Since each WebSocket is tied to a single session, there's no need to identify which session to target when sending commands. However, there still needs to be a way to identify which browsing context, frame, element, etc... a command is targeting.

RESOLUTION: It should be possible for command request messages to target a particular target/browsing context.

WebDriver has a notion of a current top-level browsing context, and current browsing context. Commands that need to run in a particular browsing context implicitly target the current one. To run a command in a different window or frame, the client must first discover these other contexts using a command like "Get Window Handles" or "Find Element" and then switch into them using a "Switch To Window" or "Switch To Frame" command.

In a bidirectional world, where the remote end can generate events at potentially any time, it is possible for events to come from any context. With that in mind, it makes sense to be able to target any context and handle events from that context without the need to switch to it first. Hence, the above resolution.

Today, WebDriver models the browser as a hierarchy that looks something like this:

  • WebDriver Session
    • Window
      • Frame
        • Element

A session has one or more windows (top-level browsing contexts). Each window has a tree of frames (nested browsing contexts), each with a tree of HTML elements. To send a command to one of these contexts, we'll need a way to identify that context. Additionally, to allow the new bidi protocol to interoperate with the existing protocol, we should try to reuse the existing identifiers where possible.

Identifying browsing contexts

Today, WebDriver uses strings called "window handles" to uniquely identify top-level browsing contexts. These can easily be reused in the new protocol. Frames (nested browsing contexts) are a little tricker.
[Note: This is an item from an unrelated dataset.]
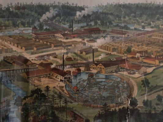 Missouri Lumber and Mining Co mill in Grandin, Missouri, from an article in American Lumberman magazine, 1903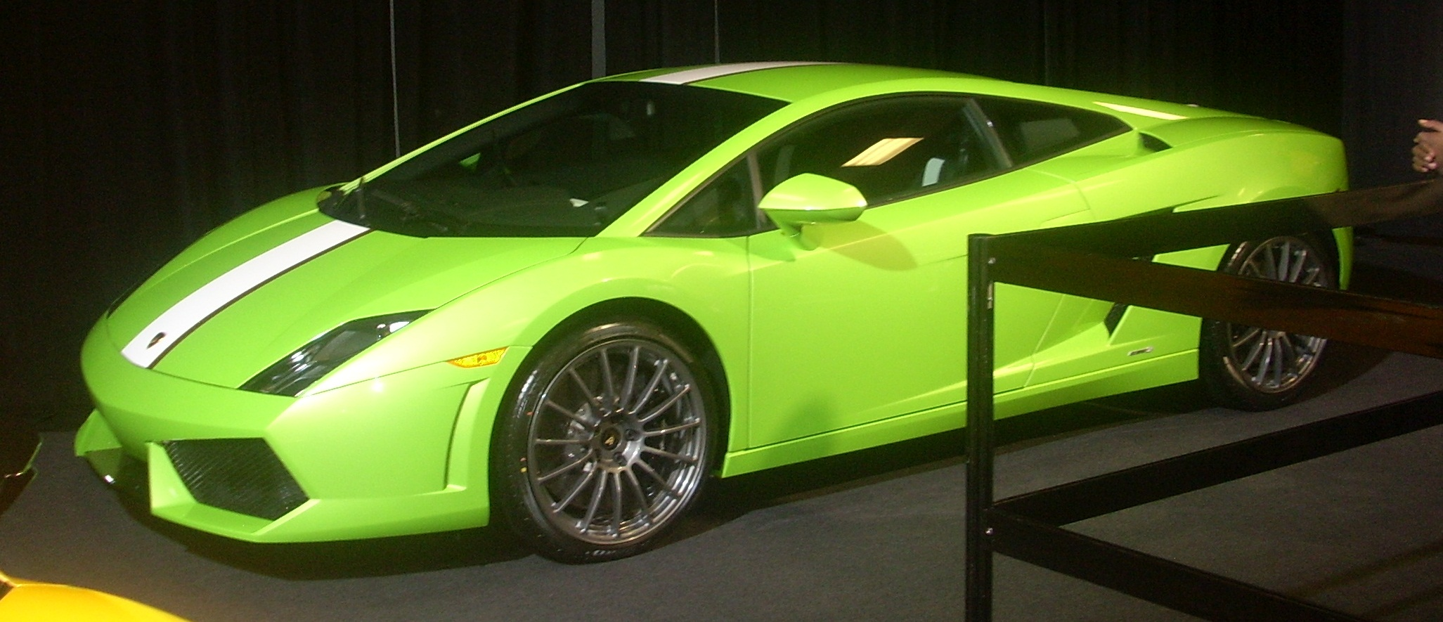 2010 Lamborghini Gallardo LP 550-2 Valentino Balboni photographed in Montreal, Quebec, Canada at the 2010 Montreal International Auto Show.

There is no concept of a "frame ID" in WebDriver yet. The Switch To Frame command accepts either a number or a web element reference as a parameter. The number is context-sensitive and so it can't be used as a globally unique frame ID. Web element references are unique across all browsing contexts in a window so these are a better candidate. However, element references aren't valid across windows, so it seems we'll need to add a new type of globally unique ID for nested browsing contexts. These can be a simple string ID just like window handles. For interop purposes, we should also add commands for users to convert a browsing context ID to a web element reference that can be used with classical commands and vice-versa.

Identifying windows and other top-level targets

While we didn't arrive at any resolutions on the subject at TPAC this year, there was general interest in adding support for new contexts such as service workers and different JS realms. A WebDriver "window" in the current model considers only browsing contexts. It also conflates the concept of a browsing context with the concept of a script context. What's this means in practice is that only document script contexts are visible to WebDriver. This is usually all the user needs/wants, but it precludes access to other script contexts such as web workers, service workers, and web extensions. Since some changes will already be necessary to allow the bidi protocol to target the contexts that already exists (i.e. frames), now seems as good a time as any to define these additional contexts and light up some new customer scenarios. Below is an updated browser model with some new (*) concepts:

  • WebDriver Session
    • Target* (Formerly "Window". Can be a page or service worker)
      • Browsing Context (aka "Frame")
        • Element
      • Script Context* (document, web worker, service worker, etc.)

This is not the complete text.